Do not worry, mother of Joy. If—no, when—Joy hears about my gift, it will be in a more dignified place than the Longhorn Palace
.
Kai brushed at her sleeve. “That is a story for another time.”
Andrew covered Gloria’s hand with his. Kai could not help but notice how their fingers intertwined perfectly, how, with their freckles and pale skin, it was hard to distinguish between the two. So different in this way from her and David. As his parents loved to point out.
“A story you must hear, Joy,” Andrew said.
“Yes.” Gloria gave a polite smile. “Kai told us many, um, interesting things.”
Joy’s swinging foot clipped Kai in the calf. “Sorry. I’d love to hear them. Like, what’s wrong with now?”
Andrew picked up his menu and ran his finger along its laminated edge. “There’s another thing we want to talk about.”
Joy crossed her arms, as if to set up a barricade. Teenaged attitude, striking again?
Andrew again took Gloria’s hand. “When we got home, we told Joy about the doctor’s visit.”
Kai felt her face fall. They already contacted Joy’s physician about PKD?
“Like, yeah, Kai, it’s the best—” She clapped a hand over her mouth. “Oh, I’m sorry, Daddy.”
Andrew swiped his forehead. “No, no, Joy. It’s . . . Hey, you tell her.”
Joy’s face glowed. “Mom had a pregnancy test! She’s gonna have a baby! I’m gonna have a brother or a sister!”
Kai’s skin tingled. A new life. What glory—for Gloria! Then puzzle pieces—Gloria’s paleness, haywire emotions, and nausea—interlocked. “How wonderful!” Kai thrust her arm across scattered menus for congratulatory handshakes. “When are you due?”
“November 20.” Gloria had the glow of a new mother. “The sonogram helped pinpoint the date.”
Andrew chuckled. “We survived a tornado and a sonogram in one day.”
Kai murmured excitedly and put away questions of a medical nature.

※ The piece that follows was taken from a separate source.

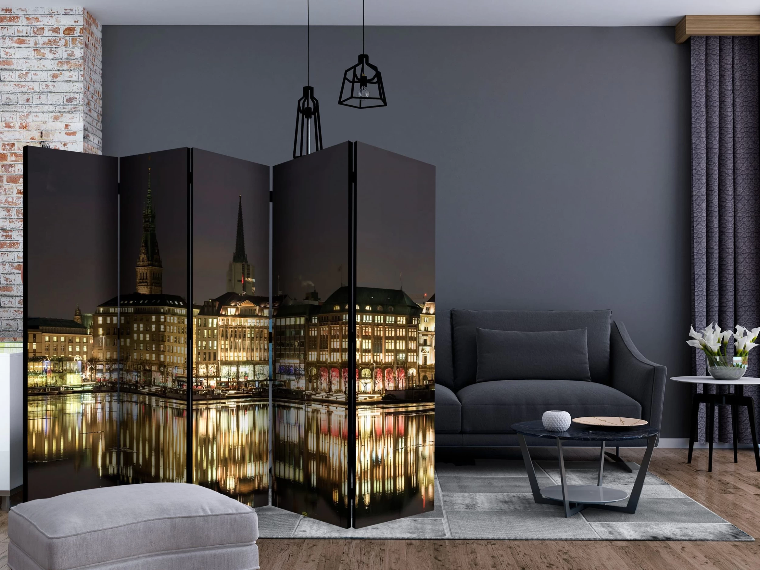 Dekoratives Paravent „Night in Hamburg II [Room Dividers]“ ist ein besonderes Schmuckstück für die modernen Inneräume. 5-teilig, hergestellt aus Holz und beidseitig bedrucktes Paravent teilt nicht nur diskret den Raum sonder kreiert auch in dem Raum ein fabelhaftes Arrangement. Perfekte Herstellung sowie originelle Motive in der Full HD Druckqualität verursachen, dass die Zimmerparavents jedem Raum einen einmaligen Charme verleihen. Die dekorativen Paravents für die Wohnung, dass ist mit Sicherheit eine originelle Idee für die Dekoration des Innenraumes. Es lohnt sich ihre praktische Anwendung zu erwähnen – die Zimmerparavents kann man z.B. zwecks der Kachierung des Wäschetrockners nutzen. Das Paravent ist eine sehr originelle Dekoration von Räumen, die man nutzen kann, sowohl in der Wohnung wie auch in einem Atelier z.B. im Friseursalon, Arztpraxis oder im Buchhaltungsbüro. Dekoratives Paravent bewährt sich ideal als:Als Zimmerparavent und ein dekoratives Möbelstück, dass den großen Salon vom Speisezimmer und Küche trenntIn einer Ein-Zimmer-Wohnung, in dem es den Tagesraum vom Schlafzimmer trenntAls Paravent für das Schlafzimmer, in dem es z.B. die Kleingarderobe heraustrenntIn Boutiquen und Kosmetiksalons, als orignelles Arrangement und Umkleideraum in Einem!Im gemeinsamen Geschwisterzimmer, als diskrete Trennwand für den RaumIn grossen Wohnungen und Lofts Technische Daten:

She would not play physician/patient with Gloria, who did not want it and did not need it.
Joy prompted Gloria to share a rambling stairwell story. Kai half listened, entranced by the color in Gloria’s cheeks, the lovely tone of her voice. This new baby might revitalize Gloria and Joy—another miracle!
The waitress approached, order pad in hand. “I heard y’all hollering. Thought I’d better check in.”
“We’re havin’ a baby!” Andrew’s modulated voice had disappeared, as had his worry lines. This man loved his family. Loved Joy. Kai truly rejoiced for him.
“Hey, cool!” Light danced in the young woman’s eyes as she pulled a pen from a shirt pocket. “This calls for a celebration. So what’ll it be?”
Gloria shook her head. “We’ve been so busy gabbing, we haven’t even looked.”
“Should I come back?”
“Nope. We’re shooting the moon on this one—or the cow, I should say.”
Kai swallowed.
Despite your desire, forget vegetarian.
“It’s our treat, Kai.”
“Oh, no.” Though she demurred, Kai was secretly pleased at Andrew’s gesture.
Andrew shook his head. “We insist, you hear?”
“Yeah, Kai,” Joy chimed in.
After an appropriate time of protestation, Kai murmured, “Many thanks.”
Andrew slapped shut his menu. “Whaddya say to T-bones? Man-size!”
Gloria groaned. Not Joy, who said, “Daddy! That’s a great idea. Like the waitress said, let’s celebrate. Have y’all discussed baby names?”
“Um, Joy, it’s a little early for that.”
Kai gave a smile of relief
. Gloria, you have nailed that one.
Despite the chatter, a pit lodged in Kai’s stomach at the thought of digesting a hunk of T-bone, whatever that was, but she’d rather swallow it whole than dim the gaiety. A gaiety that would be dimmed, soon enough, when she unfolded the papers in her bag and set them on this table.